::: AVAILABLE DATA

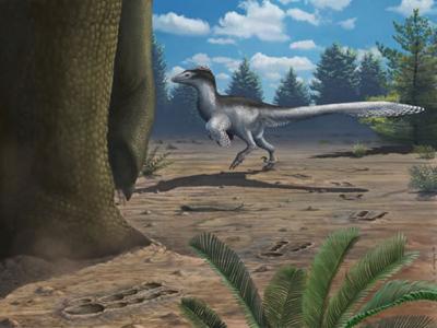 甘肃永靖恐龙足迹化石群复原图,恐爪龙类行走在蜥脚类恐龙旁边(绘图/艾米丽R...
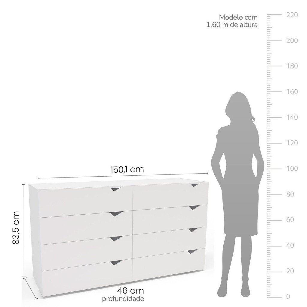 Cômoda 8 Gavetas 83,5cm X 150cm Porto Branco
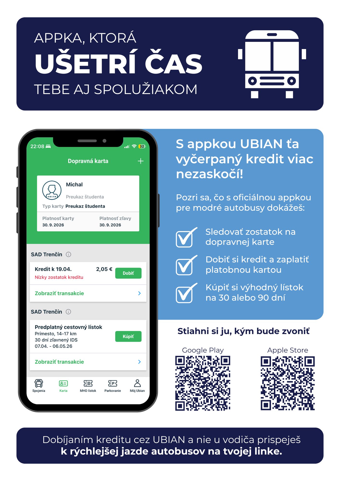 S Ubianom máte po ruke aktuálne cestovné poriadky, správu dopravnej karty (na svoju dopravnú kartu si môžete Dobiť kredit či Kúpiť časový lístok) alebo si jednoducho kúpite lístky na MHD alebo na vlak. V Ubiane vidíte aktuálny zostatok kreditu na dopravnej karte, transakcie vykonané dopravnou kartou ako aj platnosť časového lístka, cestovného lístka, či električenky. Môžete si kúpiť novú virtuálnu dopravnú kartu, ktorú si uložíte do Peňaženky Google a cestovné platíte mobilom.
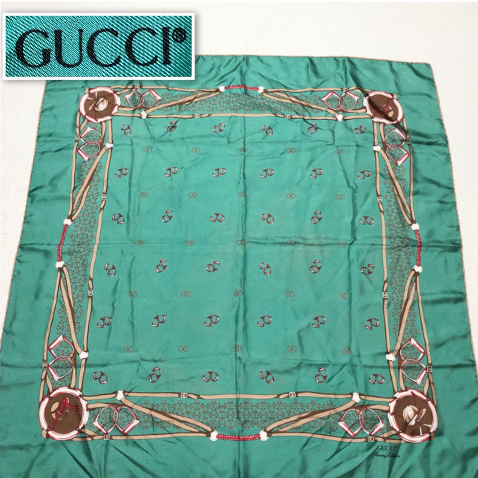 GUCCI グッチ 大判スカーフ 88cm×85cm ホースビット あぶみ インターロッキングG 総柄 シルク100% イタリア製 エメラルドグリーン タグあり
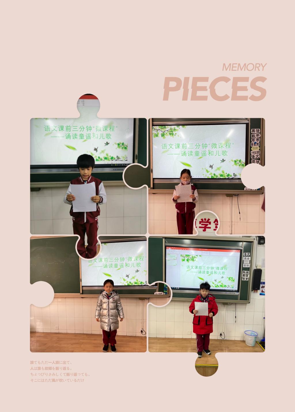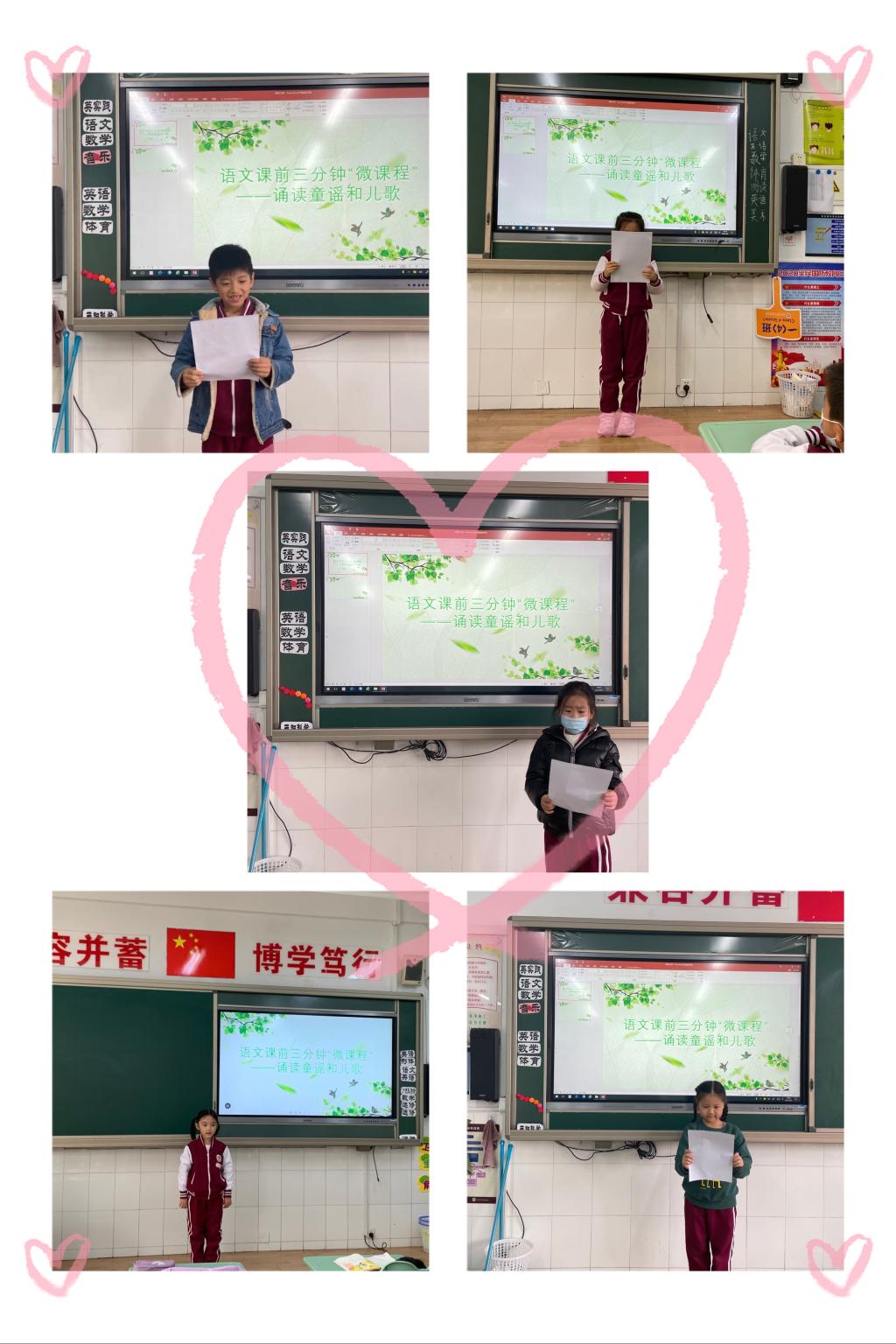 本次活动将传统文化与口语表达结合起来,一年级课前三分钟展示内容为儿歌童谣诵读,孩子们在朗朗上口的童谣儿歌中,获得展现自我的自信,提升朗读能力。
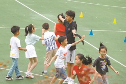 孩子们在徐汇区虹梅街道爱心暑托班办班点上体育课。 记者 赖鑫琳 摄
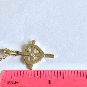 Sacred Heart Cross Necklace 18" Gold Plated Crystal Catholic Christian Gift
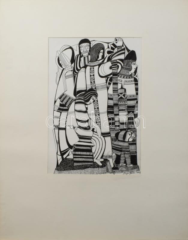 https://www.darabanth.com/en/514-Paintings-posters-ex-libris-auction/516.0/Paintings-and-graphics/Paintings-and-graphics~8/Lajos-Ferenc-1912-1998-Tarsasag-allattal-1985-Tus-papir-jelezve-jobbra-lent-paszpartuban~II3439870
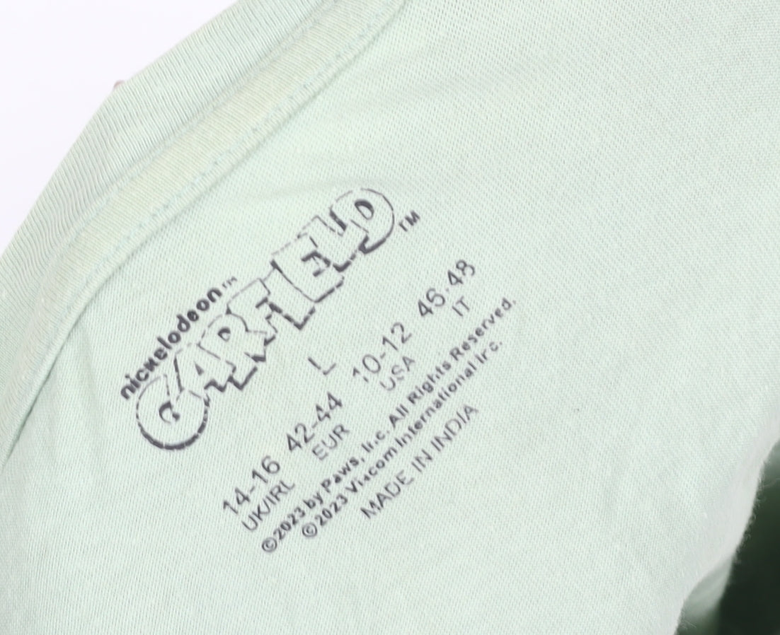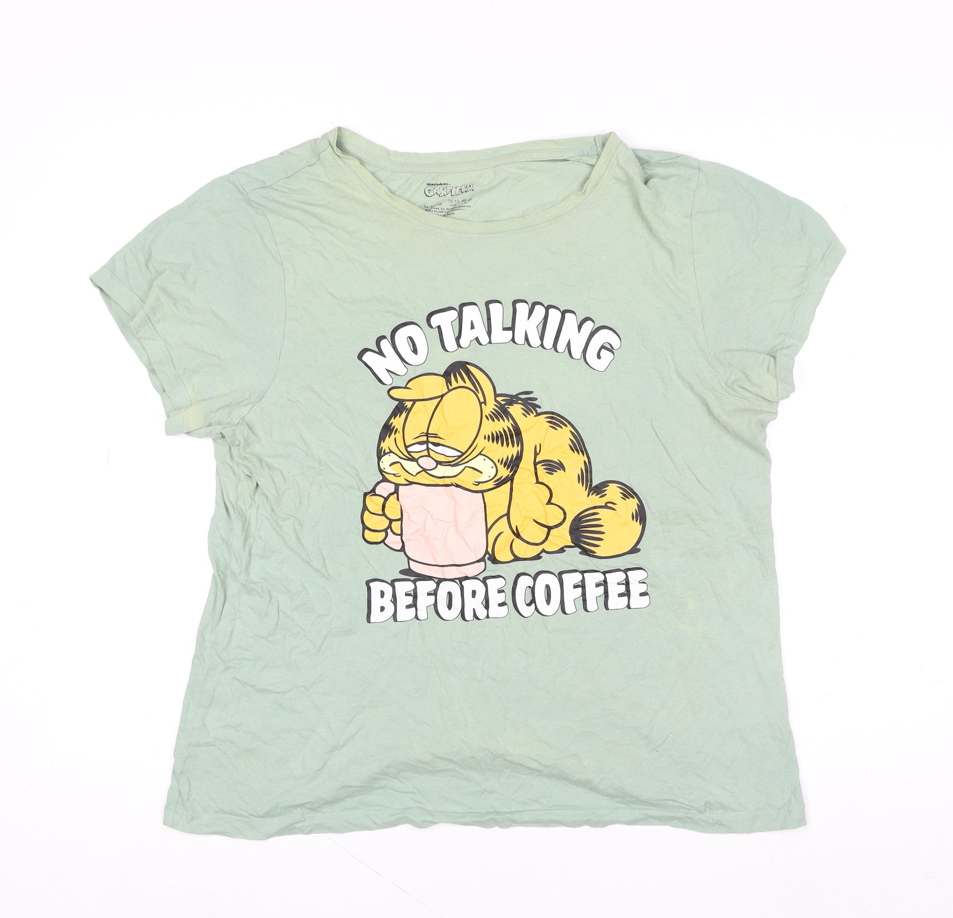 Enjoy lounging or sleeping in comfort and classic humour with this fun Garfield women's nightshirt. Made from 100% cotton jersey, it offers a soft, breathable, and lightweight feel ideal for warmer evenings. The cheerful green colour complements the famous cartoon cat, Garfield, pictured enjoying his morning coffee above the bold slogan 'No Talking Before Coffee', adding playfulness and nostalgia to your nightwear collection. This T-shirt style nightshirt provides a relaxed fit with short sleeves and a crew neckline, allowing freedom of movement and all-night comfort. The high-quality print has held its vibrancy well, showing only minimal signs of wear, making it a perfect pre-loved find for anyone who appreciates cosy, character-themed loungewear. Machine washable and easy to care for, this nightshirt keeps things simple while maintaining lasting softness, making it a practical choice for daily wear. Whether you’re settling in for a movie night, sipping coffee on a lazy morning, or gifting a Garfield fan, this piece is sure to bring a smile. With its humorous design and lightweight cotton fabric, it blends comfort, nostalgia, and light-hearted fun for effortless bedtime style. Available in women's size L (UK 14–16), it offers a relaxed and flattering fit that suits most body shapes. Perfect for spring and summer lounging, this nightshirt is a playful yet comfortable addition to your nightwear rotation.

::::::

§ REQUIRED ACTION
Omitting all pictures, restate word for word the lines from the one containing "本次活动将传统文化与口语表达" through the last line of the data.

§ RESPONSE AREA
 本次活动将传统文化与口语表达结合起来,一年级课前三分钟展示内容为儿歌童谣诵读,孩子们在朗朗上口的童谣儿歌中,获得展现自我的自信,提升朗读能力。
 孩子们在徐汇区虹梅街道爱心暑托班办班点上体育课。 记者 赖鑫琳 摄
 Sacred Heart Cross Necklace 18" Gold Plated Crystal Catholic Christian Gift
 https://www.darabanth.com/en/514-Paintings-posters-ex-libris-auction/516.0/Paintings-and-graphics/Paintings-and-graphics~8/Lajos-Ferenc-1912-1998-Tarsasag-allattal-1985-Tus-papir-jelezve-jobbra-lent-paszpartuban~II3439870
 Enjoy lounging or sleeping in comfort and classic humour with this fun Garfield women's nightshirt. Made from 100% cotton jersey, it offers a soft, breathable, and lightweight feel ideal for warmer evenings. The cheerful green colour complements the famous cartoon cat, Garfield, pictured enjoying his morning coffee above the bold slogan 'No Talking Before Coffee', adding playfulness and nostalgia to your nightwear collection. This T-shirt style nightshirt provides a relaxed fit with short sleeves and a crew neckline, allowing freedom of movement and all-night comfort. The high-quality print has held its vibrancy well, showing only minimal signs of wear, making it a perfect pre-loved find for anyone who appreciates cosy, character-themed loungewear. Machine washable and easy to care for, this nightshirt keeps things simple while maintaining lasting softness, making it a practical choice for daily wear. Whether you’re settling in for a movie night, sipping coffee on a lazy morning, or gifting a Garfield fan, this piece is sure to bring a smile. With its humorous design and lightweight cotton fabric, it blends comfort, nostalgia, and light-hearted fun for effortless bedtime style. Available in women's size L (UK 14–16), it offers a relaxed and flattering fit that suits most body shapes. Perfect for spring and summer lounging, this nightshirt is a playful yet comfortable addition to your nightwear rotation.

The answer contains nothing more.